Directions:
Your output should be exactly the lines from the one containing "시민행정신문 강갑수 기자" through the final line of the following data, please, with no pictures.

Collected data:
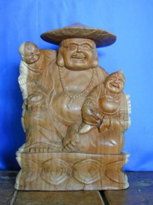 BUDDHA RIDENS 2 KIDS IN LEGNO SUAR CM 30
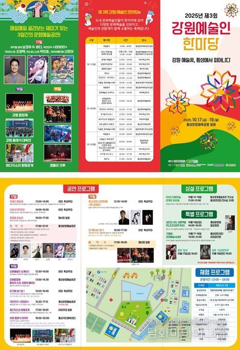 시민행정신문 강갑수 기자 | 강원예술인과 도민의 화합·소통·공감을 위한 '2025 제3회 강원예술인 한마당' 행사가 오는 10월 17일부터 19일까지 3일간 횡성문화체육공원 일원에서 열린다.
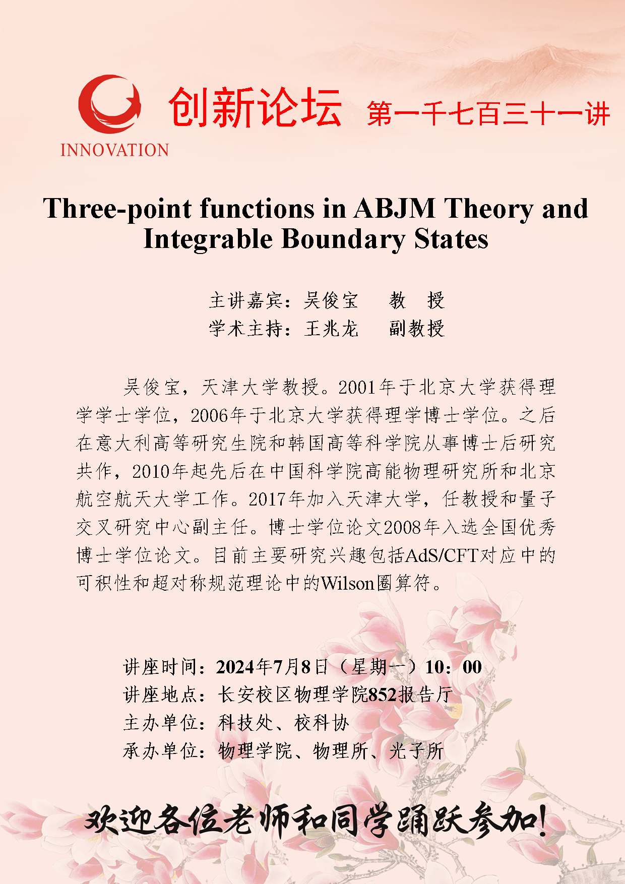 吴俊宝 教授 必赢3003no1线路检测中心创新论坛第一千七百三十一讲:Three-point functions in ABJM Theory and Integrable Boundary States 讲座时间 2024年7月8日(星期一)10:00 讲座地点 长安校区物理学院852报告厅 讲座人介绍 吴俊宝 教授 讲座内容

Answer:
 시민행정신문 강갑수 기자 | 강원예술인과 도민의 화합·소통·공감을 위한 '2025 제3회 강원예술인 한마당' 행사가 오는 10월 17일부터 19일까지 3일간 횡성문화체육공원 일원에서 열린다.
 吴俊宝 教授 必赢3003no1线路检测中心创新论坛第一千七百三十一讲:Three-point functions in ABJM Theory and Integrable Boundary States 讲座时间 2024年7月8日(星期一)10:00 讲座地点 长安校区物理学院852报告厅 讲座人介绍 吴俊宝 教授 讲座内容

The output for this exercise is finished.